Microsoft Promises a 'Whale' for GPT-5, Anthropic Delves Inside a Model’s Mind and Altman Stumbles


Transcript

While Microsoft spend billions on shipping a whale-sized GPT-5, OpenAI gets tossed about in a storm of its own creation. Meanwhile, Google revealed powerful new details about the Gemini models that many will have missed. And then it was just yesterday that Anthropic showed us how they are the closest to understanding what goes on at the very core of a large language model.

But I want to start with Kevin Scott, the CTO of Microsoft, who said something which, if true, is the biggest news of the week and even the month. According to him, we are not even close to diminishing returns with the power of AI models. Since about 2012, that rate of increase in compute when applied to training has been increasing exponentially.

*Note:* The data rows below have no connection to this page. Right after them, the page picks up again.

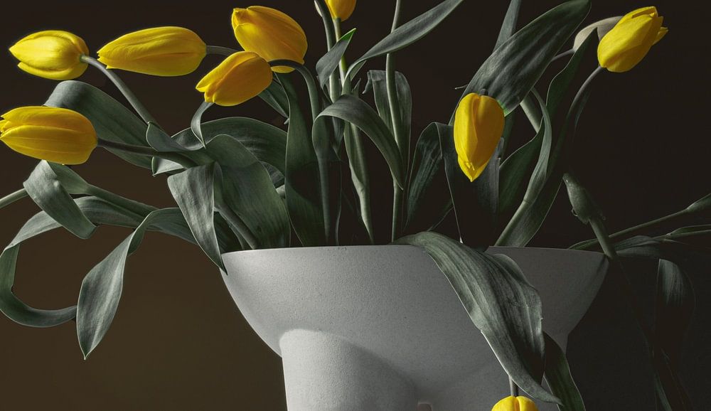 Still life horizontal almost black and white photograph of the Schaas (in white) containing yellow tulips and accompanying a special whitish oyster shell with scaly texture that fits wonderfully with the matte 'skin' of the Schaas. All against a dark background.
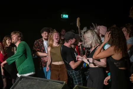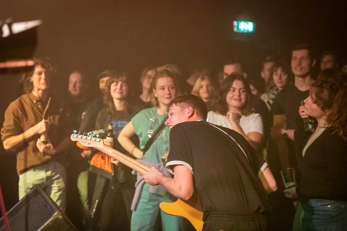 Daar houden de overeenkomsten verder wel op. Waar A. Johanson’s nummers een melancholische ondertoon hebben, zorgen die van Muylike voor een zomers gemoed. Alsof je een weekend met allemaal mooie plannen in gaat. De liedjes hebben een hoge(re) snelheid en Stijn Post’s zang en open gitaarspel, dat soms zelfs een beetje als een hawaii-gitaar klinkt, zorgen voor goede vibes. Omdat de acts op Club 3voor12 Utrecht in principe rond de dertig minuten spelen heeft Post voor vanavond vooral de snelle nummers uit zijn repertoire gekozen. Het zorgt er in ieder geval voor dat verschillende bezoekers lekker gaan dansen. Muylike eindigt zijn set met het super catchy ‘Here We Go Again’, dat ook op het debuutalbum staat dat in maart 2023 verschijnt.
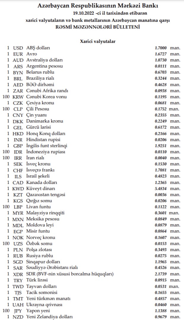 Dolların sabah üçün rəsmi məzənnəsi müəyyən edilib
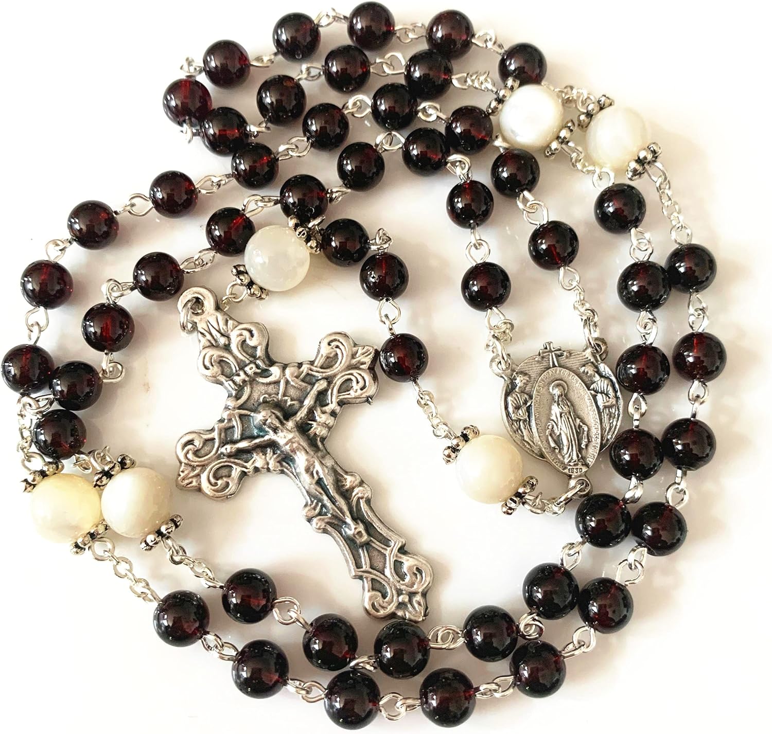 elegantmedical handmade Garnet Gemstone Beads Our Lady of GRACE 5 DECADE ROSARY Cross necklace

And we are nowhere near the point of diminishing marginal returns on how powerful we can make AI models as we increase the scale of compute. As we'll see, Kevin Scott knows both the size and power of GPT-5, if that's what they call it. So these words have more weight than you might think.

And while we're speaking of exponentials, AI models are undeniably becoming faster and cheaper. While we're off building bigger supercomputers to get the next big models out and to deliver more and more capability to you, like we're also grinding away on making the current generation of models much, much more efficient.

So between the launch of GPT-4, which is not quite a year and a half ago now, it's 12 times cheaper to make a call to GPT-4.0 than the original GPT-4 model. And it's also six times faster in terms of like time to first token response. - On this channel, admittedly, I am laser focused on the growing intelligence of models, but this massive drop in cost does have some pretty profound ramifications too.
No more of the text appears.